------ Data section

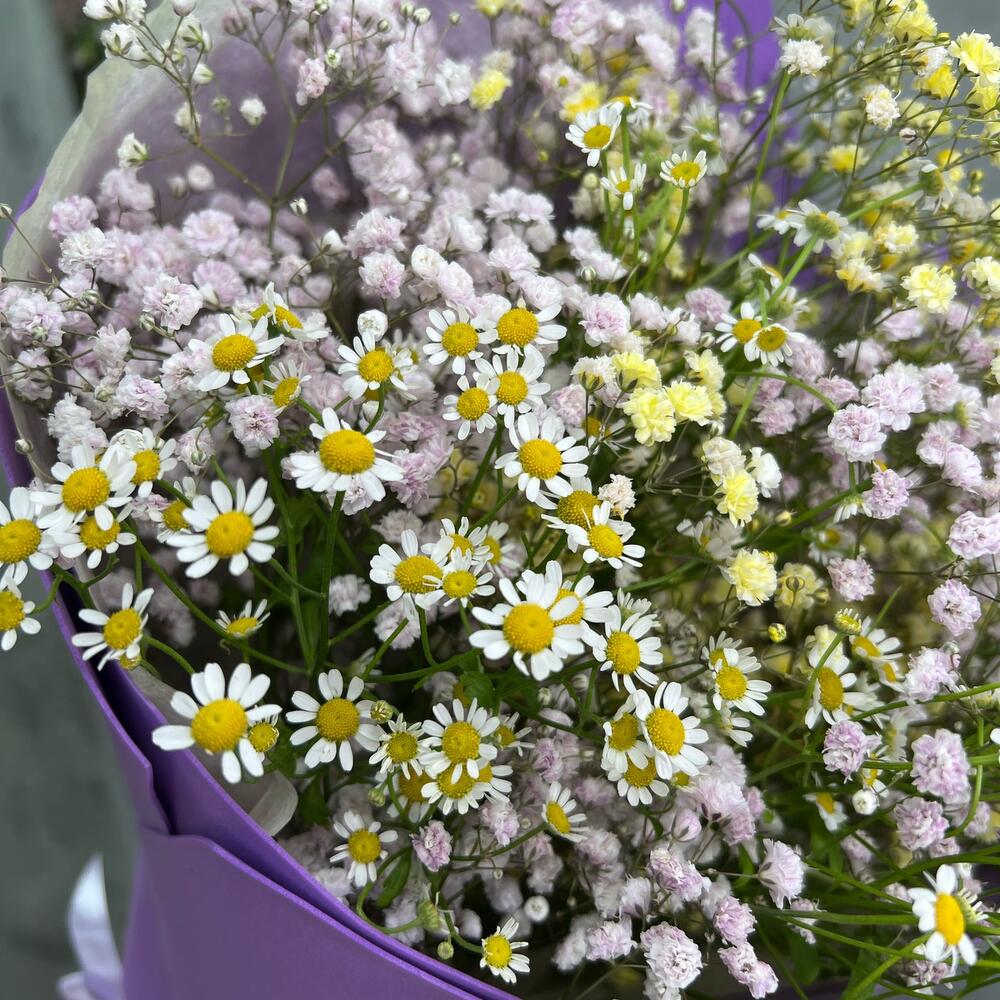 Лента атласная – 1 шт.Матрикария – 4 шт.Упаковка дизайнерская – 2 шт.гипсофила радужная – 3 шт.
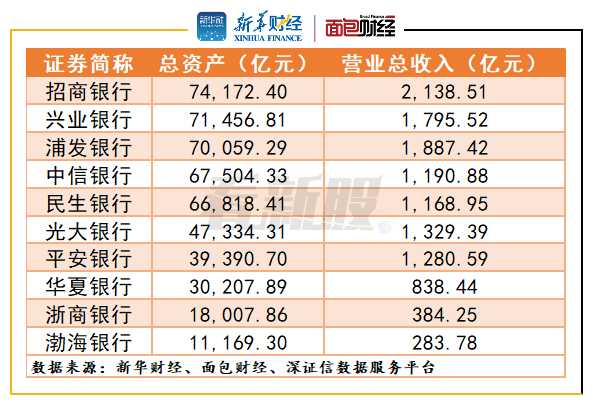 深证信数据服务平台的数据显示,截至2019年底,渤海银行的总资产及营收规模明显小于其他已经上市股份制商业银行,居于行业末位。
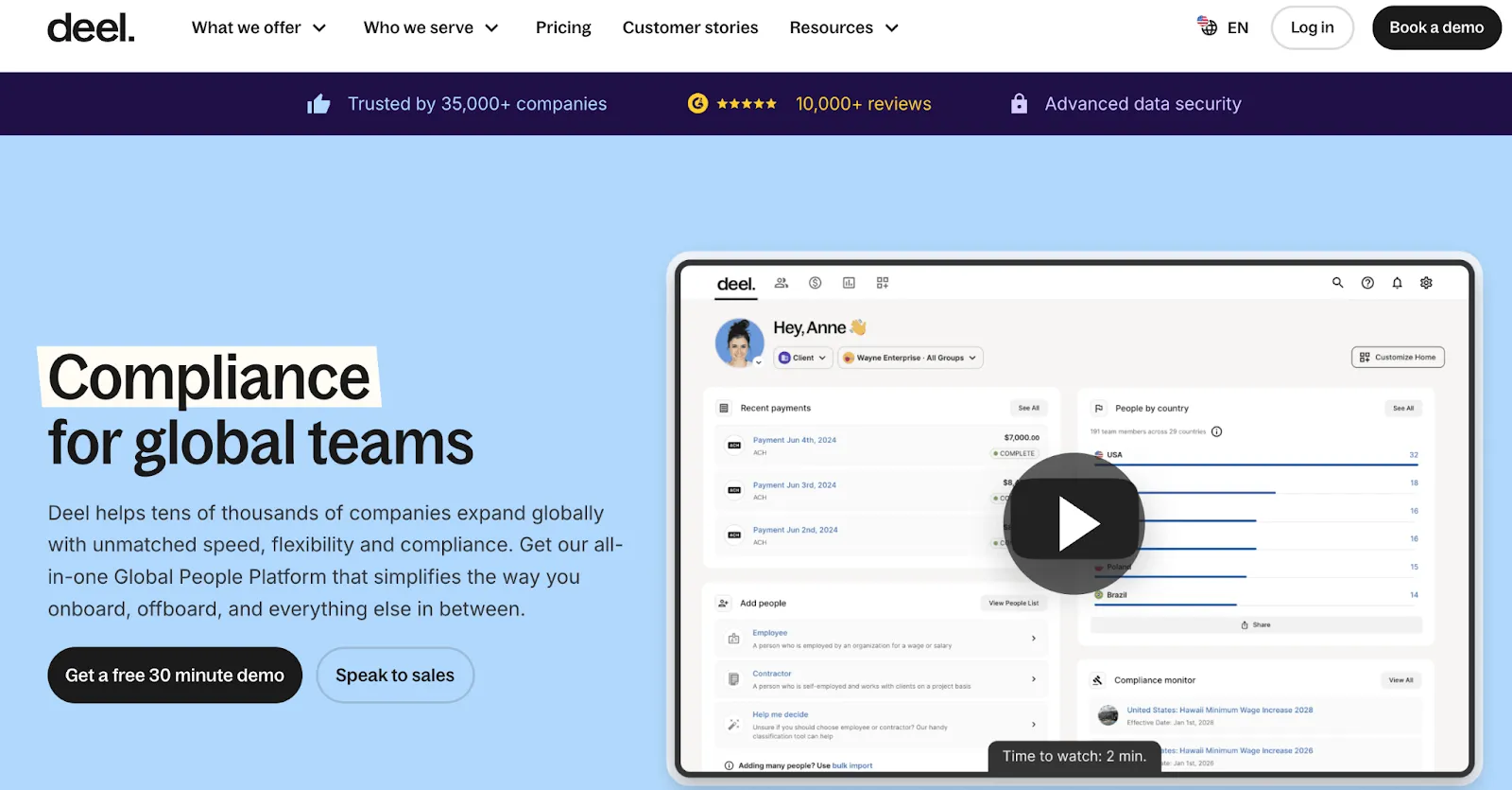 Deel provides a platform for global hiring, payroll, and compliance that supports employees, contractors, and Employer of Record (EOR) arrangements. It is designed for companies that manage a mix of workforce types and need flexibility in how they hire and pay across countries.
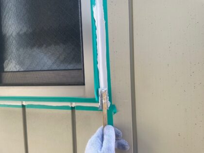 シーリングのヘラならしは、シーリング断面を確保する為に平滑に均します。窪まないように注意をします。
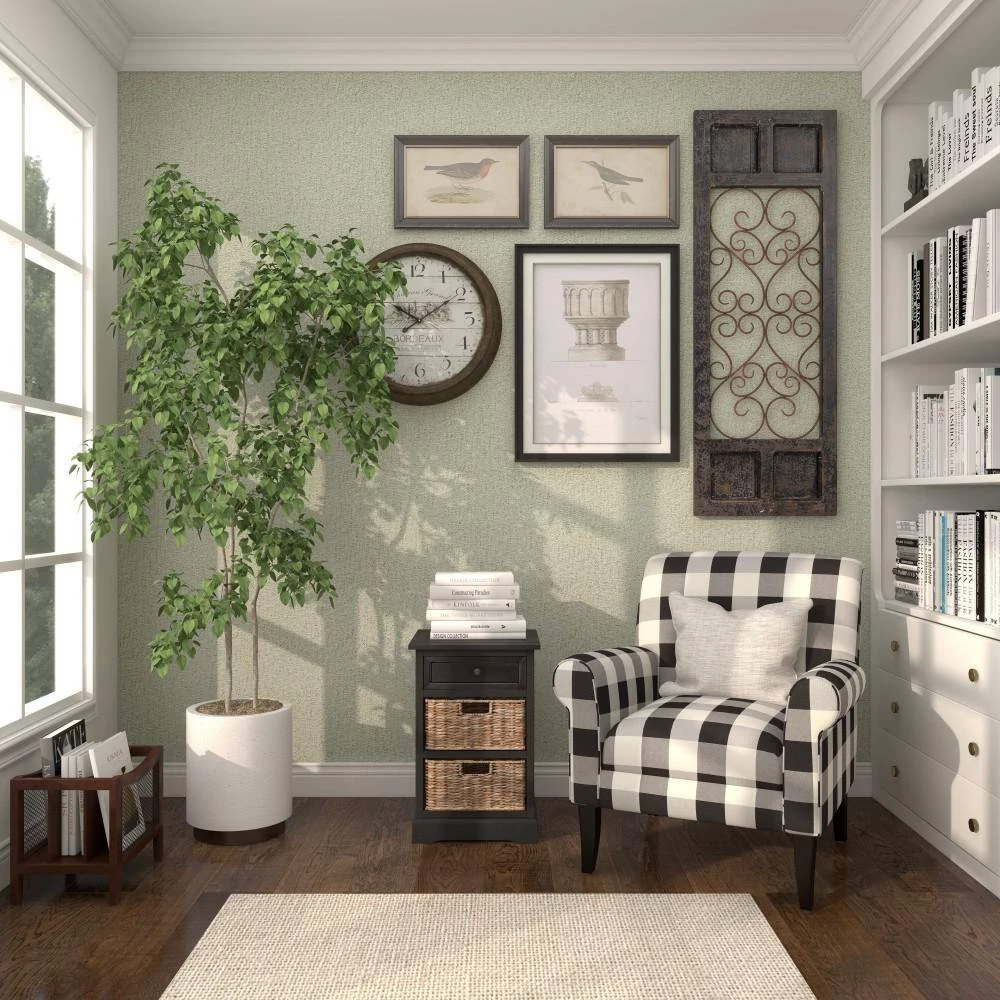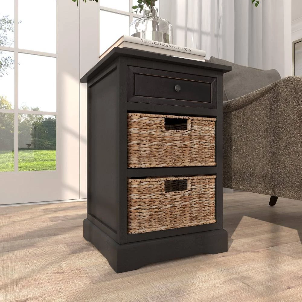 - Traditional black end table is furnished with a single pull-out drawer and 2 removable wicker baskets for convenient storage
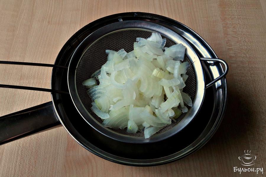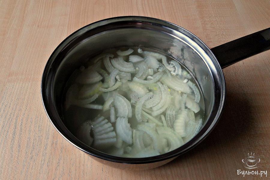 2. Первым делом режем лук четвертькольцами и заливаем его кипятком. Оставляем минут на пять, чтобы убрать из лука горечь.
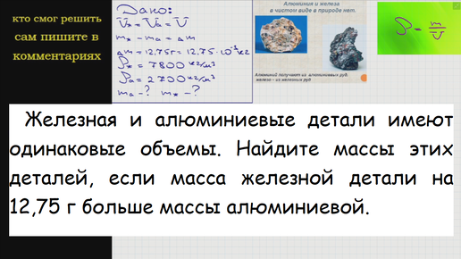 Физика Железная и алюминиевые детали имеют одинаковые объемы Найдите массы этих деталей, если масса железной детали на 12,75 г больше массы
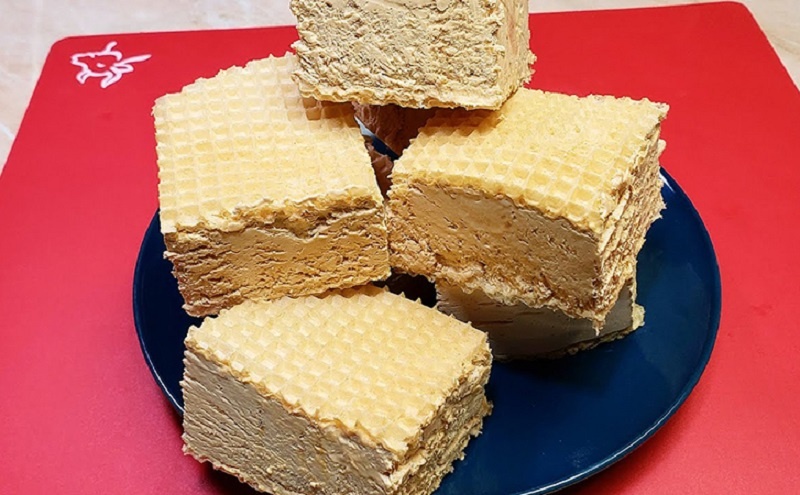 Сливочное мороженое с добавлением варёной сгущёнки прекрасно сочетает в себе лёгкость и насыщенность крема, создавая невероятно мягкую текстуру. Вафельные коржи добавляют хрустящую нотку, наполненную теплотой и уютом.
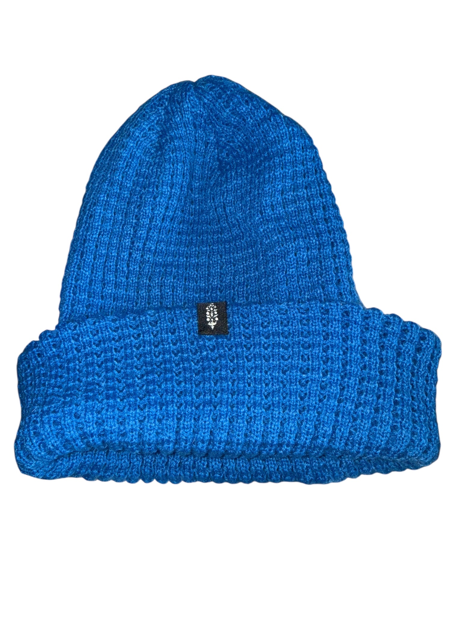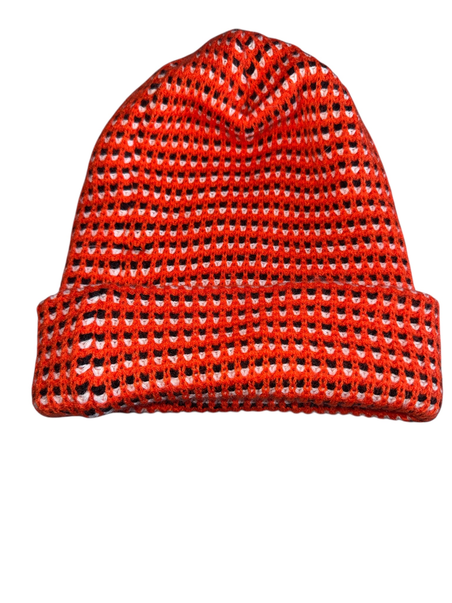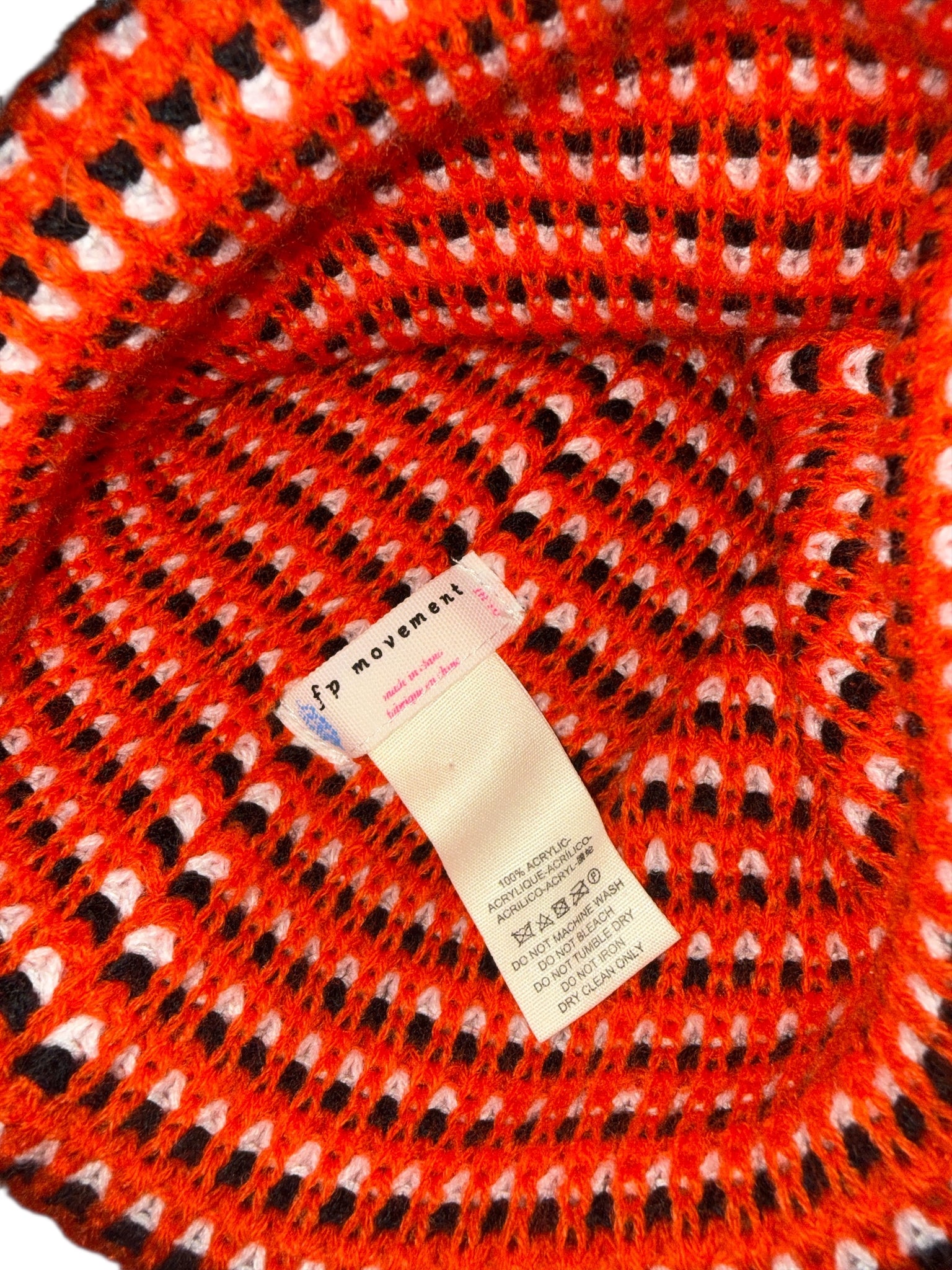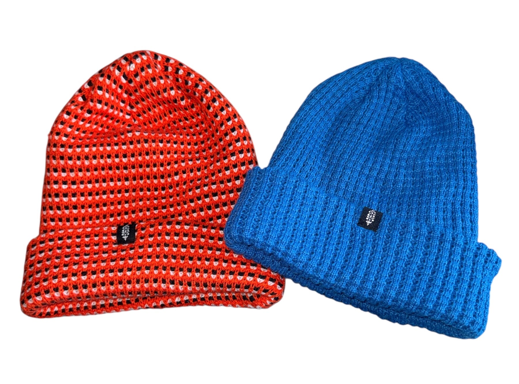 Free People women’s 2PC Cool Down waffle knit sweater beanie hat in orange mixed knit and bright blue, both ONE SIZE FITS MOST.
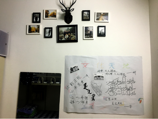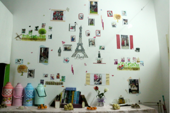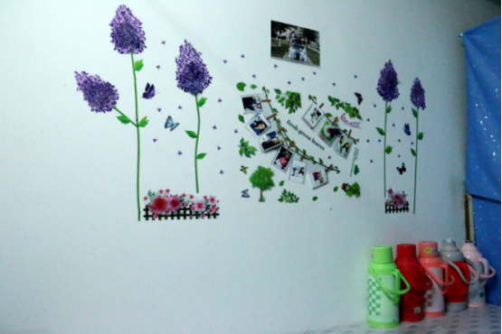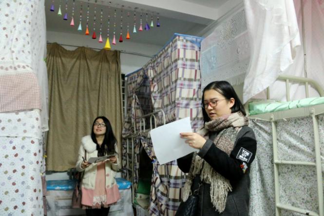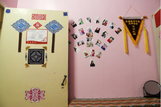 评审组首先来到12号男生员工宿舍楼进行观摩,接受观摩的部分宿舍代表向大家介绍了其寝室的布置方法及亮点,个别男生宿舍将寝室将墙壁一角制作成愿望墙、文化天地栏等,有的还贴了各式的壁纸,铺上了各样的地毯,使寝室成为“星球世界”、“运动天地”等,整洁干净、通风良好、富有创新的男生宿舍使各位评审老师刮目相看。接着评审组来到2-3号女生宿舍楼进行观摩,女生宿舍与男生宿舍文化差异甚大,一些手工艺妆品、本土文化特色充满温馨的寝室,废弃饮料瓶纸做的书架、小纸帽做成的吊链,宿舍门上的贴花和装饰都充满民族情怀。从这些宿舍装饰中,流露出同宿舍不同民族成员之间浓厚的感情和同窗友谊。

------------

Leaving the pictures aside, output each entry above exactly as written.

→ **Output of the exercise**
 Лента атласная – 1 шт.Матрикария – 4 шт.Упаковка дизайнерская – 2 шт.гипсофила радужная – 3 шт.
 深证信数据服务平台的数据显示,截至2019年底,渤海银行的总资产及营收规模明显小于其他已经上市股份制商业银行,居于行业末位。
 Deel provides a platform for global hiring, payroll, and compliance that supports employees, contractors, and Employer of Record (EOR) arrangements. It is designed for companies that manage a mix of workforce types and need flexibility in how they hire and pay across countries.
 シーリングのヘラならしは、シーリング断面を確保する為に平滑に均します。窪まないように注意をします。
 - Traditional black end table is furnished with a single pull-out drawer and 2 removable wicker baskets for convenient storage
 2. Первым делом режем лук четвертькольцами и заливаем его кипятком. Оставляем минут на пять, чтобы убрать из лука горечь.
 Физика Железная и алюминиевые детали имеют одинаковые объемы Найдите массы этих деталей, если масса железной детали на 12,75 г больше массы
 Сливочное мороженое с добавлением варёной сгущёнки прекрасно сочетает в себе лёгкость и насыщенность крема, создавая невероятно мягкую текстуру. Вафельные коржи добавляют хрустящую нотку, наполненную теплотой и уютом.
 Free People women’s 2PC Cool Down waffle knit sweater beanie hat in orange mixed knit and bright blue, both ONE SIZE FITS MOST.
 评审组首先来到12号男生员工宿舍楼进行观摩,接受观摩的部分宿舍代表向大家介绍了其寝室的布置方法及亮点,个别男生宿舍将寝室将墙壁一角制作成愿望墙、文化天地栏等,有的还贴了各式的壁纸,铺上了各样的地毯,使寝室成为“星球世界”、“运动天地”等,整洁干净、通风良好、富有创新的男生宿舍使各位评审老师刮目相看。接着评审组来到2-3号女生宿舍楼进行观摩,女生宿舍与男生宿舍文化差异甚大,一些手工艺妆品、本土文化特色充满温馨的寝室,废弃饮料瓶纸做的书架、小纸帽做成的吊链,宿舍门上的贴花和装饰都充满民族情怀。从这些宿舍装饰中,流露出同宿舍不同民族成员之间浓厚的感情和同窗友谊。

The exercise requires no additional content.